⟨

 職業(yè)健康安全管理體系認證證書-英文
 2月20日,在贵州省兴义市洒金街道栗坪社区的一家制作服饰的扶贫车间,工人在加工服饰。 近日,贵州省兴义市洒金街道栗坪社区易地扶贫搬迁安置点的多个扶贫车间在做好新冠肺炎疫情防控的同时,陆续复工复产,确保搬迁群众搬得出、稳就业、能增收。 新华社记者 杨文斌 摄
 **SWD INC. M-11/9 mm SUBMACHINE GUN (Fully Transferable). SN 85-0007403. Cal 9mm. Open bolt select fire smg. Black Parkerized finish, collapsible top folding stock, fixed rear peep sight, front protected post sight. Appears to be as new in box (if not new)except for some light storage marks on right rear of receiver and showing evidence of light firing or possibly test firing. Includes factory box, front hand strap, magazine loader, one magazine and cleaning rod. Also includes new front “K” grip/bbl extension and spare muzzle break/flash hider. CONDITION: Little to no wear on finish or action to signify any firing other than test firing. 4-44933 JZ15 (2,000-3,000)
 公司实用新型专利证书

⟩
⟨

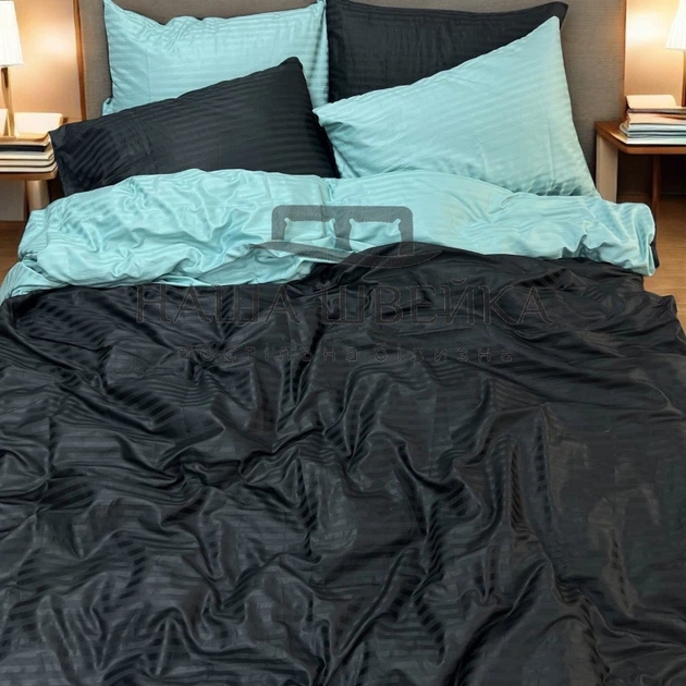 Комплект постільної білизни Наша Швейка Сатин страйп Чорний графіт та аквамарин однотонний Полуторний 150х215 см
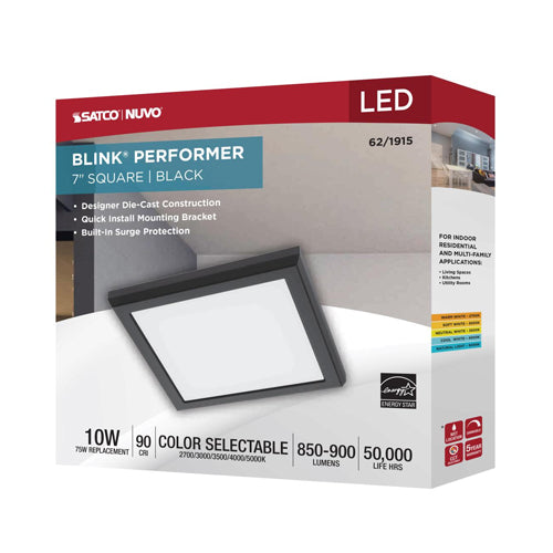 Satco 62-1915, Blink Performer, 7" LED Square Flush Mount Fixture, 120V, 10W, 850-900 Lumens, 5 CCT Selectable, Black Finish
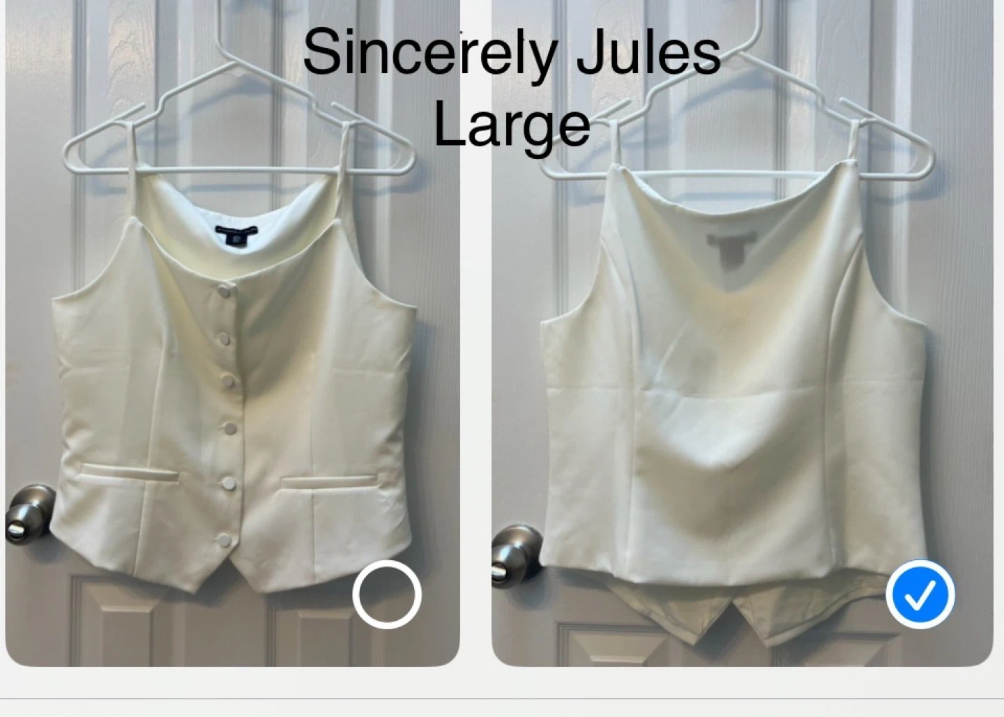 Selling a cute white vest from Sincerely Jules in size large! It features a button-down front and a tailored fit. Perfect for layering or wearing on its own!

⟩

## TASK DESCRIPTION
With the pictures removed from your copy, retype the lines above from the one that contains "Комплект постільної білизни" through the one that contains "Selling a cute", exactly.

## THE COMPLETED TASK
 Комплект постільної білизни Наша Швейка Сатин страйп Чорний графіт та аквамарин однотонний Полуторний 150х215 см
 Satco 62-1915, Blink Performer, 7" LED Square Flush Mount Fixture, 120V, 10W, 850-900 Lumens, 5 CCT Selectable, Black Finish
 Selling a cute white vest from Sincerely Jules in size large! It features a button-down front and a tailored fit. Perfect for layering or wearing on its own!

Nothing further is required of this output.